Faster migrating species of SAG101-HA and EDS1-V5 after α-FLAG IP of NRG1.2-FLAG in immune-activated tissues migrate slower than pre-activated EDS1-SAG101 heterodimers and NRG1.2 monomers. BN-PAGE and Western blot of lysates and coIP elution products from native promoter-driven stable Arabidopsis lines.

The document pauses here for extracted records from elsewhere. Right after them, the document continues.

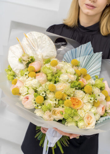 В состав букета "Еллоу Концепт" White вошли: - Орнитогалум — 7 шт. - Пионовидная роза Вайт Охара — 10 шт. - Пионовидная роза Девид Остин Джульетта — 11 шт. - Эустома Белая — 8 шт. - Роза кустовая Сноуфлейк (белая) — 10 шт. - Антуриум — 3 шт. - Краспедия — 21 шт. - Сухоцветы Пальма копье — 2 шт. Каждый компонент создает уникальную текстуру и общее настроение букета, а разнообразие форм и оттенков белого делает его универсальным вариантом для любого повода.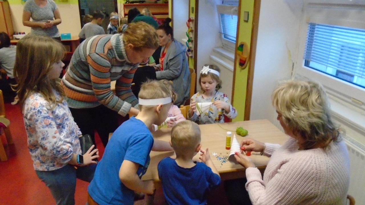Tvoření dětí s rodiči se všem moc líbilo. Vytvořili si krásné stromečky.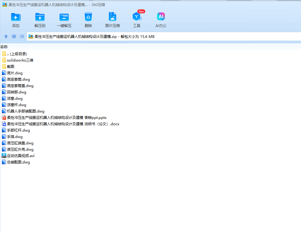 首先,针对柔性冲压生产线的实际情况对机器人进行结构设计、材料的选择及其强度、刚度验证,包括机器人应具有的合理自由度的确定、各个关节尺寸设计,及各个运动关节的结构设计。其次,对机器人关节所需动力源的计算选择,并给出相关技术参数。本文所选择的提供机器人运动的动力元件为液压缸。进行液压缸活塞驱动力计算,及其材料的强度、刚度验证。然后,给出机器人运动控制的初步方案。最后,根据已经设计好的尺寸运用绘图软件建模。将所设计机器人模型导入ADAMS中,通过运动关系副的添加进行运动分析,得到其角速度以及角加速度的运动曲线图,以验证其合理性。

The same membrane is shown after sequential immunolabelling and stripping with Restore™ Western Blot Stripping Buffer (21059). First immunolabelling was α-HA to detect SAG101-HA, second immunolabelling was α-V5 to detect EDS1-V5, and third immunolabelling was α-FLAG to detect NRG1.2-FLAG. Left lane shows elution product after α-FLAG IP of NRG1.2-FLAG while right lane shows lysate. Left lane is representative of post-activation complex formations for EDS1 and SAG101, and right lane is representative of pre-activation states for NRG1, EDS1, and SAG101 which do not change in lysates from mock/un-infiltrated to AvrRps4-treated (Fig. 3). Lysate in α-FLAG blot shows bleaching effects, likely an artifact of sequential stripping. In α-FLAG blot, α-FLAG IP shows pre-activation state of NRG1.2-FLAG as large NRG1 oligomer is not observed, and banding patterns do not change, from mock/un-infiltrated to AvrRps4-treated and observation of oligomeric NRG1 requires detection of NRG1.2-V5 after α-FLAG IP of NRG1.2-FLAG (Fig. 3a & 3c). Species identities are indicated in red, and red dashed lines indicate lanes were cropped. Samples were run in parallel on same membrane. Two independent biological replicates showed similar results.
Acknowledgments
We thank Tim Wells with JIC horticulture services for care of Arabidopsis and N. benthamiana plants, Mark Youles and Liam Egan with TSL Synbio, Ola Wawryk, Jodie Taylor, Jaqueline Bautor and Matthew Smoker for transformation of Arabidopsis, Johannes Stuttmann and Ulla Bonas for Pf0-1 XopQ, Marc Nishimura and Adam Bayless for RBA1 constructs, Brian Staskawicz for Agrobacterium XopQ, Dan Mclean for guidance generating Derevnina plots, Ruby O’Grady for illustrations, and Ton Timmers at MPI-Cologne for confocal microscopy advice. Work in the Parker lab was supported by the Max-Planck Society, Deutsche Forschungsgemeinschaft (DFG) grant SFB-1403–414786233 (J.E.P., X.S.) and an Alexander von Humboldt Foundation postdoctoral fellowship (J.W.). Work in the Jones lab was supported by ERC Advanced Investigator grant “ImmunityByPairDesign” (H-K.A.), BBSRC DTP program (B.P.M.N.) and by Gatsby Foundation support to TSL (J.M.F. and J.D.G.J.).
Footnotes
Competing Interest Statement: The authors declare no competing interests.